POSITIVE CASES
INFANTILE PARALYSIS
(By Telegraph.—Proas Association.)
CHRISTCHURCH, February 2,
"It is open to a good deal of doubt whether these cases which have been called positive really are positive when there is no actual paralysis present," said Dr. A. D. Nelson, medical superintendent of Christchurch Public Hospital, tonight, when he suggested that many of the cases in hospitals throughout the South Island, as infantile paralysis were not really cases of that disease. "We have four cases in hospital here who have been given out to the world as positive cases. I doubt if they are," he said. "Some people say they can diagnose a case definitely in its pre-paralytic stage. lam quite honest when I say I cannot.

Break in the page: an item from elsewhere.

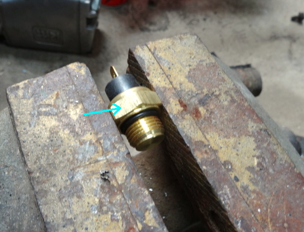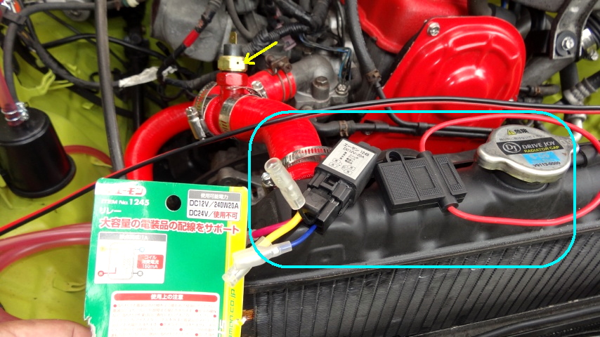 購入した電動ファンのサーモスイッチは、ボディアース仕様の1端子型。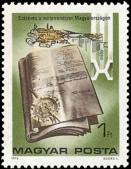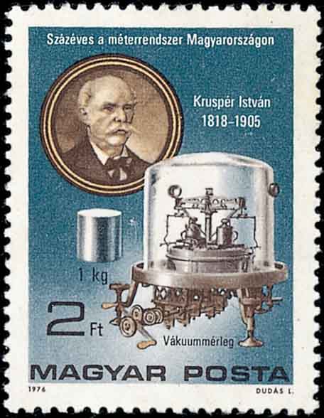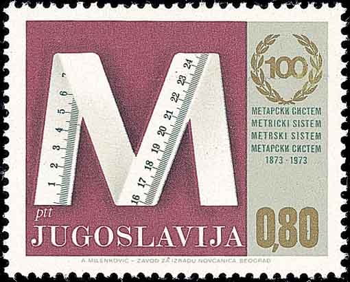 数字的最基本功能是计量。它是从清点某一事物的个数开始,然后发展为对这个事物轻重、大小等定量方面的描述。原先世界各地都有自己的度量标准,为了便于国际范围内的交流, 1875年17个国家的代表在巴黎召开会议制定国际通用的计量制度,通称公制。图1是韩国通过邮票来宣传与推行公制。公制的单位制度,又称米千克秒(mks)单位制,它们分别用来确定距离、质量和时间。

I don't think a case can be certainly diagnosed in that stage, and I think every doctor who is honest will tell you the same.
"When a suspected case is admitted we take some of the cerebral fluid and make a cell count. If there is a very big increase in the count we become suspicious, but it is still open to much doubt until actual paralysis develops. In the pre-paralytic stage a case can be either very serious or nothing at all. It is open to question when a case is described as positive in the absence of paralysis," he concluded.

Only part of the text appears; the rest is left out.